The line that contains "where : ; ;" marks the start. Please set it down, with every later line of the data, exactly and without pictures.

Extracted data entries:
[Start of Attachment]
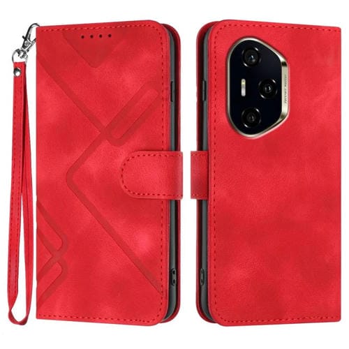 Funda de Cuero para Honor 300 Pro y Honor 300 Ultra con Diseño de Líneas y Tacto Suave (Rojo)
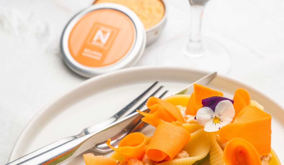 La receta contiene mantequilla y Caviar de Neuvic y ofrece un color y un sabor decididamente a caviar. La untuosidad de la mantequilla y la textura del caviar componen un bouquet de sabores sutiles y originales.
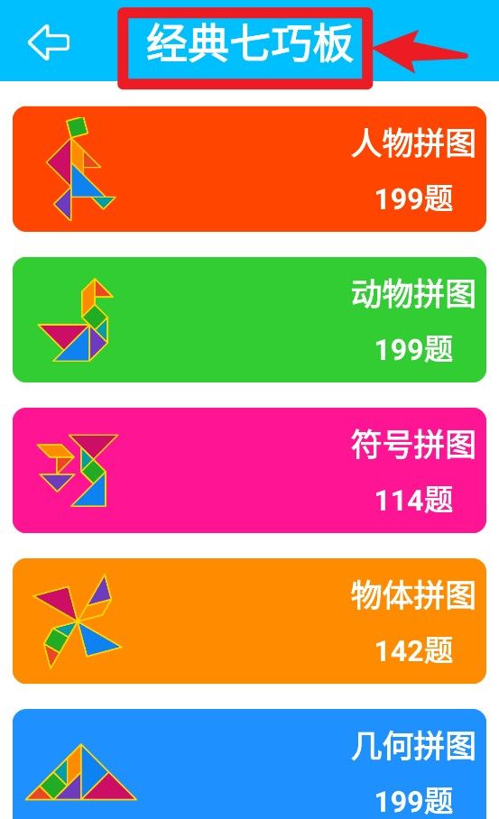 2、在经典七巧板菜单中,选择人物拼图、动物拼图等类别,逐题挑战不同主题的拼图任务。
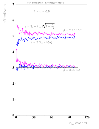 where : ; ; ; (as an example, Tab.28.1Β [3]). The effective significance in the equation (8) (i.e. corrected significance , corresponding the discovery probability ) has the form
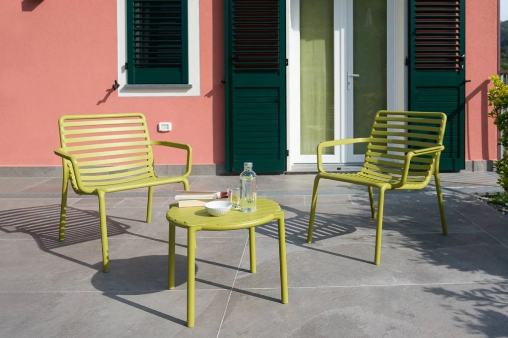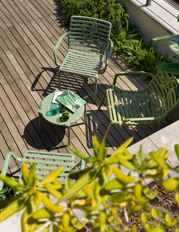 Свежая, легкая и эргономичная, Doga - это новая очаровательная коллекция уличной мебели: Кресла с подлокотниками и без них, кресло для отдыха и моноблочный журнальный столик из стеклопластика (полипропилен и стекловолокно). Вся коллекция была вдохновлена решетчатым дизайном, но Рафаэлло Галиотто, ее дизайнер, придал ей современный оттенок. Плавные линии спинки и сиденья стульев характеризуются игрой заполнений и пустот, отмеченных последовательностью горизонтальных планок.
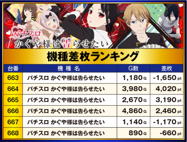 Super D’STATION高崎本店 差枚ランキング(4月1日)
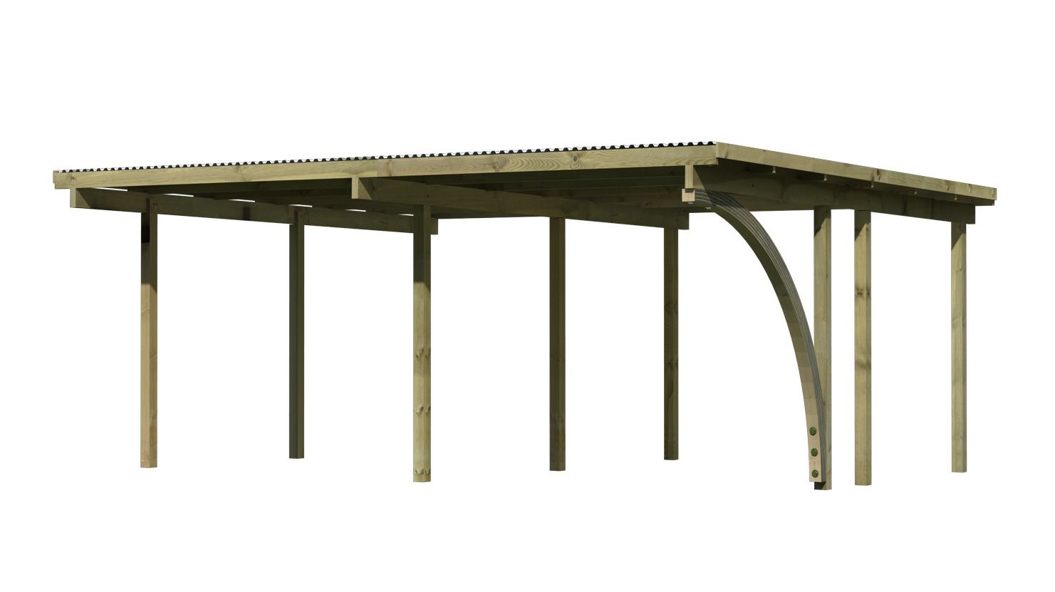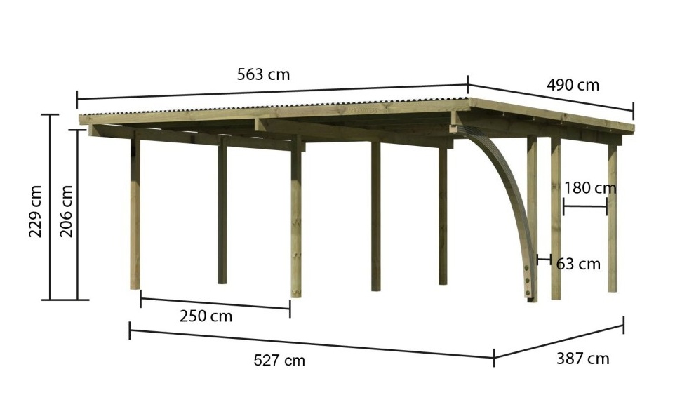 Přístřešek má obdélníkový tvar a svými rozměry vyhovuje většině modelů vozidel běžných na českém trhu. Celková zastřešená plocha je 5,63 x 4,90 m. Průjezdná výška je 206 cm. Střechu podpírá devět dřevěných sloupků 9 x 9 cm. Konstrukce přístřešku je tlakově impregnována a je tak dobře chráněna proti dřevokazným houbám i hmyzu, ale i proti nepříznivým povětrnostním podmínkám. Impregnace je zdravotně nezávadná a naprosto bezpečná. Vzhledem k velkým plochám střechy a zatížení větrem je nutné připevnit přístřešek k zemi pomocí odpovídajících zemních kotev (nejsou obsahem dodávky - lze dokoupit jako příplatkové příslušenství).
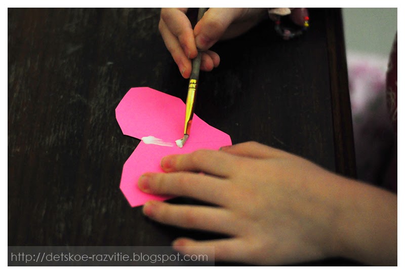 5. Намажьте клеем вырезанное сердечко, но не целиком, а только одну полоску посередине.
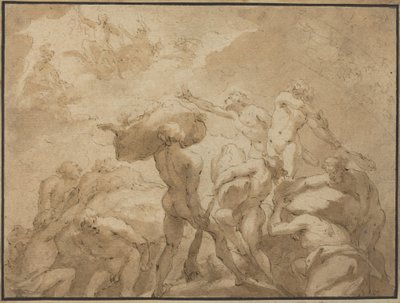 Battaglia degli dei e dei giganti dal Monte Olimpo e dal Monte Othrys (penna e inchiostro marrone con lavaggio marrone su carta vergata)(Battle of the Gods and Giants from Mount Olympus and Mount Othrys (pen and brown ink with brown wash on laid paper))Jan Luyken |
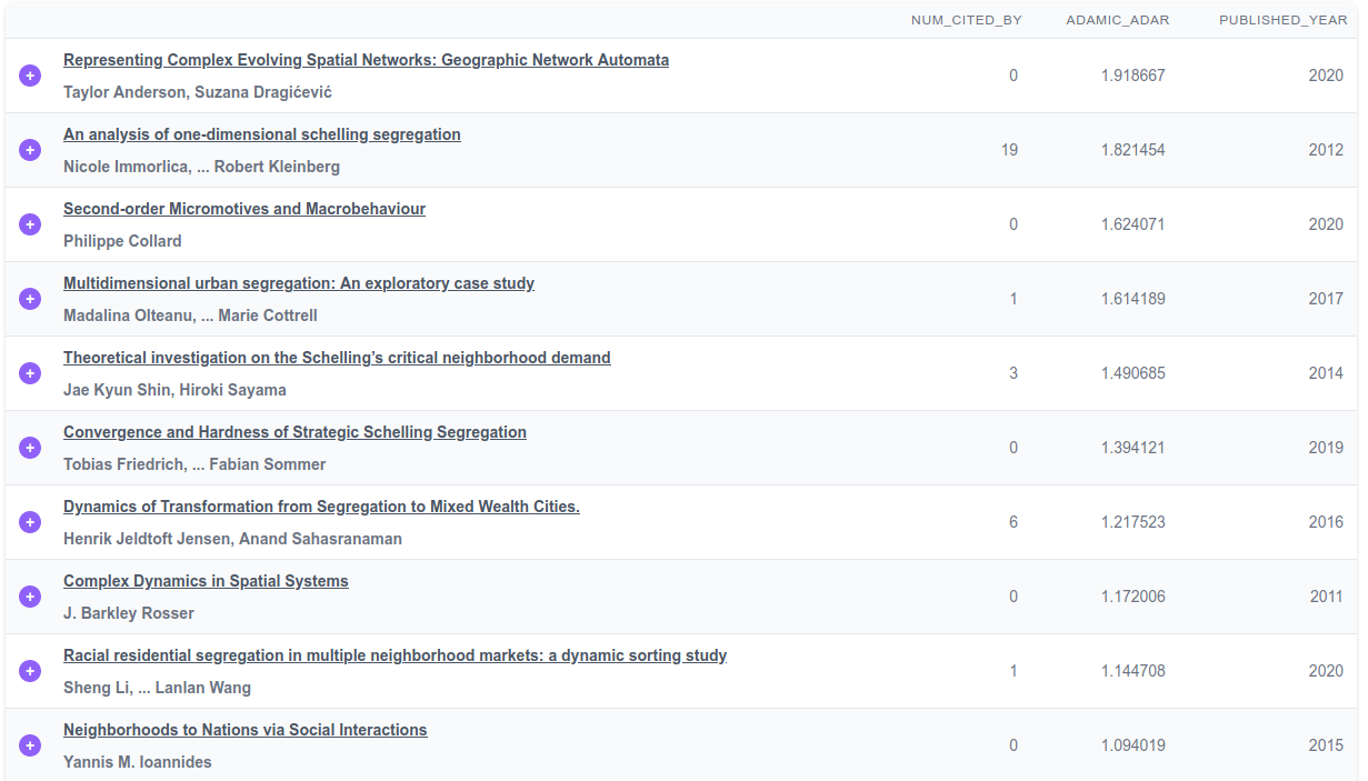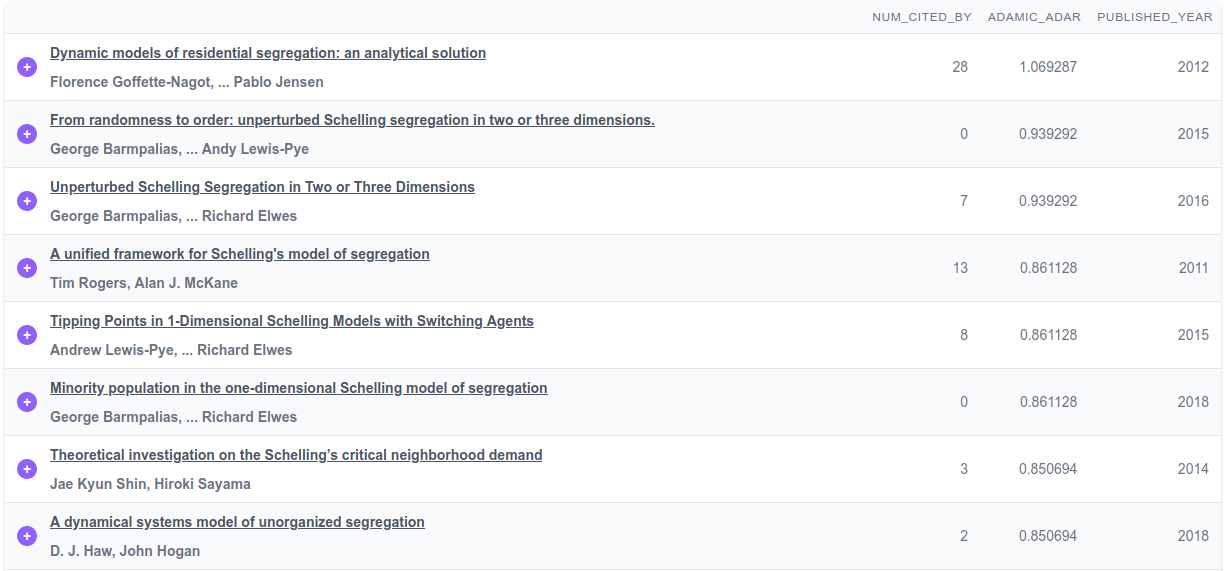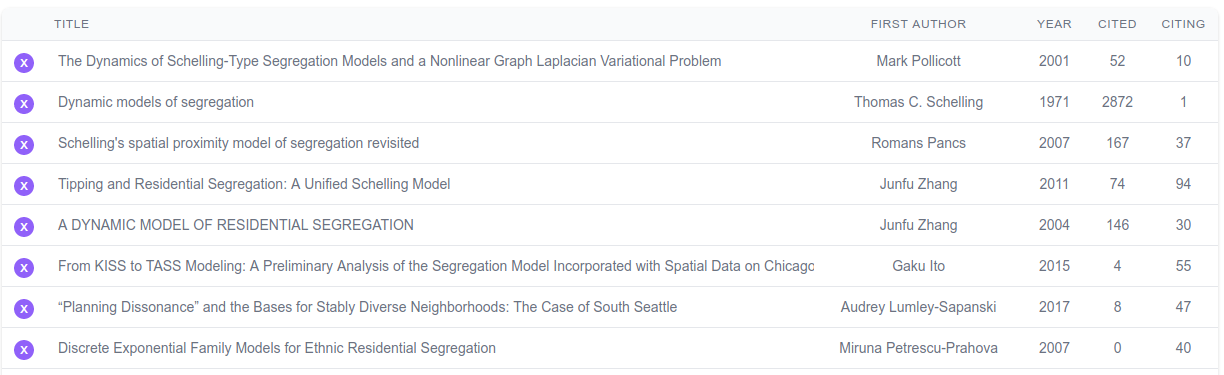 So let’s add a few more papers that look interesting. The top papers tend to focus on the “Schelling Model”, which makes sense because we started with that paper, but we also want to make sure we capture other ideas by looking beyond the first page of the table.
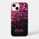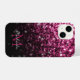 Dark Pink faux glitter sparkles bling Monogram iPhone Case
[End of Attachment]
▸ ANSWER TO THE PROBLEM:
 where : ; ; ; (as an example, Tab.28.1Β [3]). The effective significance in the equation (8) (i.e. corrected significance , corresponding the discovery probability ) has the form
 Свежая, легкая и эргономичная, Doga - это новая очаровательная коллекция уличной мебели: Кресла с подлокотниками и без них, кресло для отдыха и моноблочный журнальный столик из стеклопластика (полипропилен и стекловолокно). Вся коллекция была вдохновлена решетчатым дизайном, но Рафаэлло Галиотто, ее дизайнер, придал ей современный оттенок. Плавные линии спинки и сиденья стульев характеризуются игрой заполнений и пустот, отмеченных последовательностью горизонтальных планок.
 Super D’STATION高崎本店 差枚ランキング(4月1日)
 Přístřešek má obdélníkový tvar a svými rozměry vyhovuje většině modelů vozidel běžných na českém trhu. Celková zastřešená plocha je 5,63 x 4,90 m. Průjezdná výška je 206 cm. Střechu podpírá devět dřevěných sloupků 9 x 9 cm. Konstrukce přístřešku je tlakově impregnována a je tak dobře chráněna proti dřevokazným houbám i hmyzu, ale i proti nepříznivým povětrnostním podmínkám. Impregnace je zdravotně nezávadná a naprosto bezpečná. Vzhledem k velkým plochám střechy a zatížení větrem je nutné připevnit přístřešek k zemi pomocí odpovídajících zemních kotev (nejsou obsahem dodávky - lze dokoupit jako příplatkové příslušenství).
 5. Намажьте клеем вырезанное сердечко, но не целиком, а только одну полоску посередине.
 Battaglia degli dei e dei giganti dal Monte Olimpo e dal Monte Othrys (penna e inchiostro marrone con lavaggio marrone su carta vergata)(Battle of the Gods and Giants from Mount Olympus and Mount Othrys (pen and brown ink with brown wash on laid paper))Jan Luyken |
 So let’s add a few more papers that look interesting. The top papers tend to focus on the “Schelling Model”, which makes sense because we started with that paper, but we also want to make sure we capture other ideas by looking beyond the first page of the table.
 Dark Pink faux glitter sparkles bling Monogram iPhone Case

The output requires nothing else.